__Required action__:
Search the entries for the word "nach" and pull out each line that has it.

__Input material__:
┌────────
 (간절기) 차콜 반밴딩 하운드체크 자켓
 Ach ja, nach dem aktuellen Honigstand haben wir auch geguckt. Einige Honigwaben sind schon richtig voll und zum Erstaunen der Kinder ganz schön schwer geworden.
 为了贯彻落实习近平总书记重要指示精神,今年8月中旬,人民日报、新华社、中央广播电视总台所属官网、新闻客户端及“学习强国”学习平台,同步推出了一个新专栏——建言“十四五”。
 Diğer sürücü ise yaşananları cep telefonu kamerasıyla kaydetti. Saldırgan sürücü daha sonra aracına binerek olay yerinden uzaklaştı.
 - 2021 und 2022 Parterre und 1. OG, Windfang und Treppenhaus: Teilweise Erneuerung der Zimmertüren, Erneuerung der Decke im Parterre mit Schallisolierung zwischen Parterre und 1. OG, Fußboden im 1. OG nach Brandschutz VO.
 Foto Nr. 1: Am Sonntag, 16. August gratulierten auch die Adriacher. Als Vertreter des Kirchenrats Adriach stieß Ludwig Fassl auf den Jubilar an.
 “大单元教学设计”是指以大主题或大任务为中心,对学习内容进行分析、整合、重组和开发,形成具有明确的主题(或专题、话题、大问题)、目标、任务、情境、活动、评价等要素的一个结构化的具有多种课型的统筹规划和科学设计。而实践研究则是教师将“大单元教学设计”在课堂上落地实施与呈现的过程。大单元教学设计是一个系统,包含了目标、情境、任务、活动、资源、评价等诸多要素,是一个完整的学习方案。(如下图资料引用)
└────────
┌────────
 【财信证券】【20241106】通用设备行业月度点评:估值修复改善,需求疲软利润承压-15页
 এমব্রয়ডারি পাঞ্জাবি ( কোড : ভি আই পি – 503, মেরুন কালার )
└────────
__Written response__:
 Ach ja, nach dem aktuellen Honigstand haben wir auch geguckt. Einige Honigwaben sind schon richtig voll und zum Erstaunen der Kinder ganz schön schwer geworden.
 - 2021 und 2022 Parterre und 1. OG, Windfang und Treppenhaus: Teilweise Erneuerung der Zimmertüren, Erneuerung der Decke im Parterre mit Schallisolierung zwischen Parterre und 1. OG, Fußboden im 1. OG nach Brandschutz VO.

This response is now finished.